从上图可以看到Multi-Head Attention包含多个Self-Attention层，首先将输入 $X$ 分别传递到 $h$ 个不同的Self-Attention中，计算得到 $h$ 个输出矩阵 $Z$ 。下图是 $h = 8$ 时候的情况，此时会得到 $8$ 个输出矩阵 $Z$ 。

请添加图片描述

得到8个输出矩阵 $Z_1$ 到 $Z_8$ 之后，Multi-Head Attention将它们拼接在一起 (Concat)，然后传入一个Linear层，得到Multi-Head Attention最终的输出 $Z$ 。

请添加图片描述

可以看到Multi-Head Attention输出的矩阵 $Z$ 与其输入的矩阵 $X$ 的维度是一样的。

1.5 Encoder 结构

上图红色部分是Transformer的Encoder block结构，可以看到是由Multi-Head Attention, Add & Norm, Feed Forward, Add & Norm组成的。刚刚已经了解了Multi-Head Attention的计算过程，现在了解一下Add & Norm和Feed Forward部分。

1.5.1 Add & Norm

Add & Norm 层由Add和Norm两部分组成，其计算公式如下：
$LayerNorm=(X+MultiHeadAttention(X))\\ LayerNorm(X+FeedForward(X))$
其中 $X$ 表示Multi-Head Attention或者Feed Forward的输入，MultiHeadAttention( $X$ )和FeedForward(X)表示输出（输出与输入 $X$ 维度是一样的，所以可以相加）。

Add指X+MultiHeadAttention(X)，是一种残差连接，通常用于解决多层网络训练的问题，可以让网络只关注当前差异的部分，在ResNet中经常用到：

请添加图片描述

Norm指Layer Normalization，通常用于RNN结构，Layer Normalization会将每一层神经元的输入都转成均值方差都一样的，这样可以加快收敛。

1.5.2 Feed Forward

Feed Forward层比较简单，是一个两层的全连接层，第一层的激活函数为Relu，第二层不使用激活函数，对应的公式如下：
$max{(0,XW_1+b_1)}W_2+b_2$
$X$ 是输入，Feed Forward最终得到的输出矩阵的维度与 $X$ 一致。

1.5.3 组成 Encoder

通过上面描述的Multi-Head Attention, Fed Forward, Add & Norm就可以造出一个Encoder block，Encoder block接收输入矩阵 $X_{(n×d)}$ ，并输出一个矩阵 = $O_{(n×d)}$ 。

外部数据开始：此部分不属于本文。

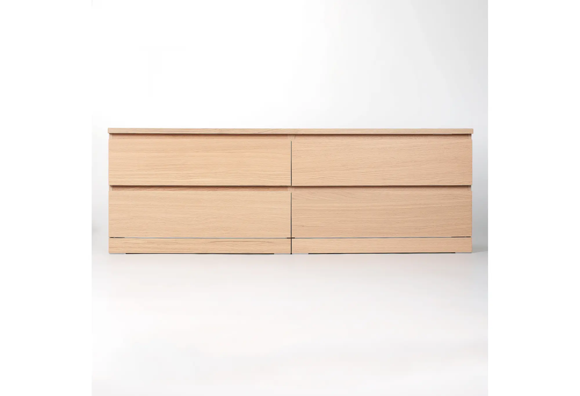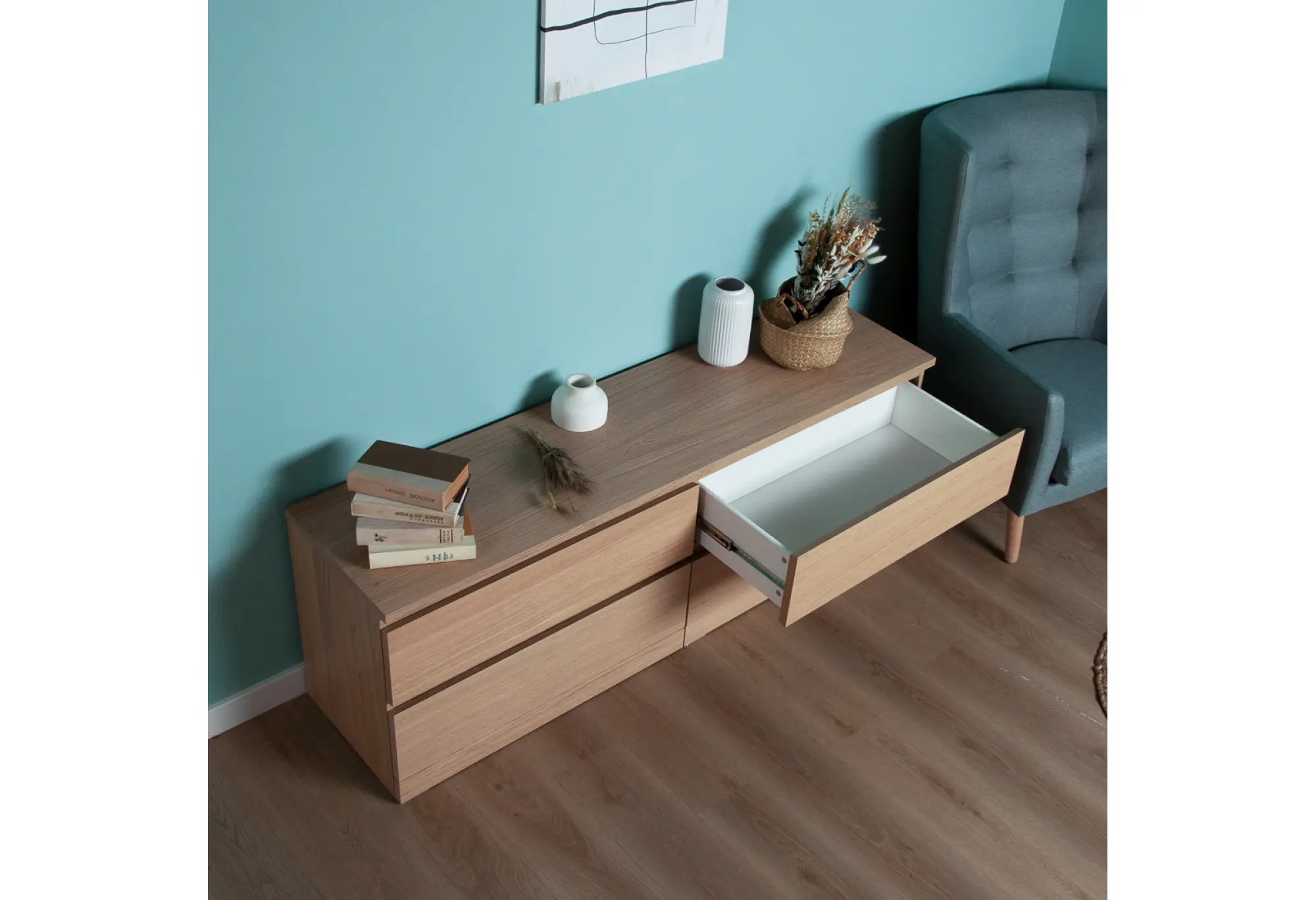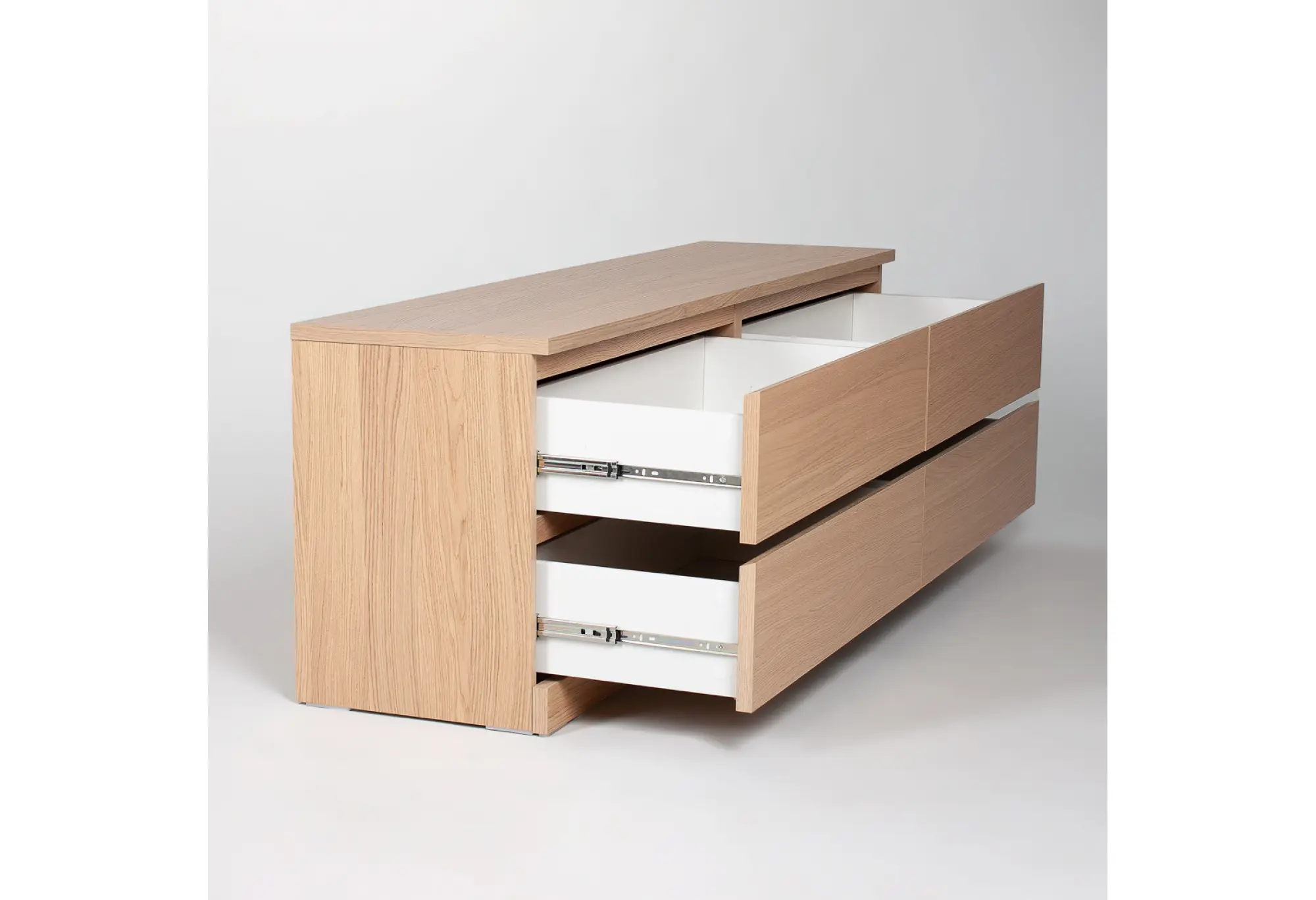 Выдвижные ящики оснащены телескопическими направляющими, которые обеспечивают плавное и полное выдвижение, облегчают доступ к содержимому и повышают комфорт ежедневного использования. Низкая высота делает верхнюю поверхность удобной для размещения телевизора, декора или оргтехники, не загромождая пространство. Конструкция рассчитана на установку у стены, при необходимости крепёжные элементы подбираются с учётом материала основания.

通过多个Encoder block叠加就可以组成 Encoder。

第一个Encoder block的输入为句子单词的表示向量矩阵，后续Encoder block的输入是前一个Encoder block的输出，最后一个Encoder block输出的矩阵就是编码信息矩阵 $C$ ，这一矩阵后续会用到Decoder中。

请添加图片描述

1.6 Decoder 结构

请添加图片描述

上图红色部分为Transformer的Decoder block结构，与Encoder block相似，但是存在一些区别：

包含两个Multi-Head Attention层。
第一个Multi-Head Attention层采用了Masked操作。
第二个Multi-Head Attention层的 $K, V$ 矩阵使用Encoder的**编码信息矩阵 $C$ **进行计算，而Q使用上一个Decoder block的输出计算。
最后有一个 Softmax 层计算下一个翻译单词的概率。

1.6.1 第一个Multi-Head Attention

Decoder block 的第一个 Multi-Head Attention 采用了 Masked 操作，因为在翻译的过程中是顺序翻译的，即翻译完第 i 个单词，才可以翻译第 i+1 个单词。通过 Masked 操作可以防止第 i 个单词知道 i+1 个单词之后的信息。下面以 “我有一只猫” 翻译成 “I have a cat” 为例，了解一下 Masked 操作。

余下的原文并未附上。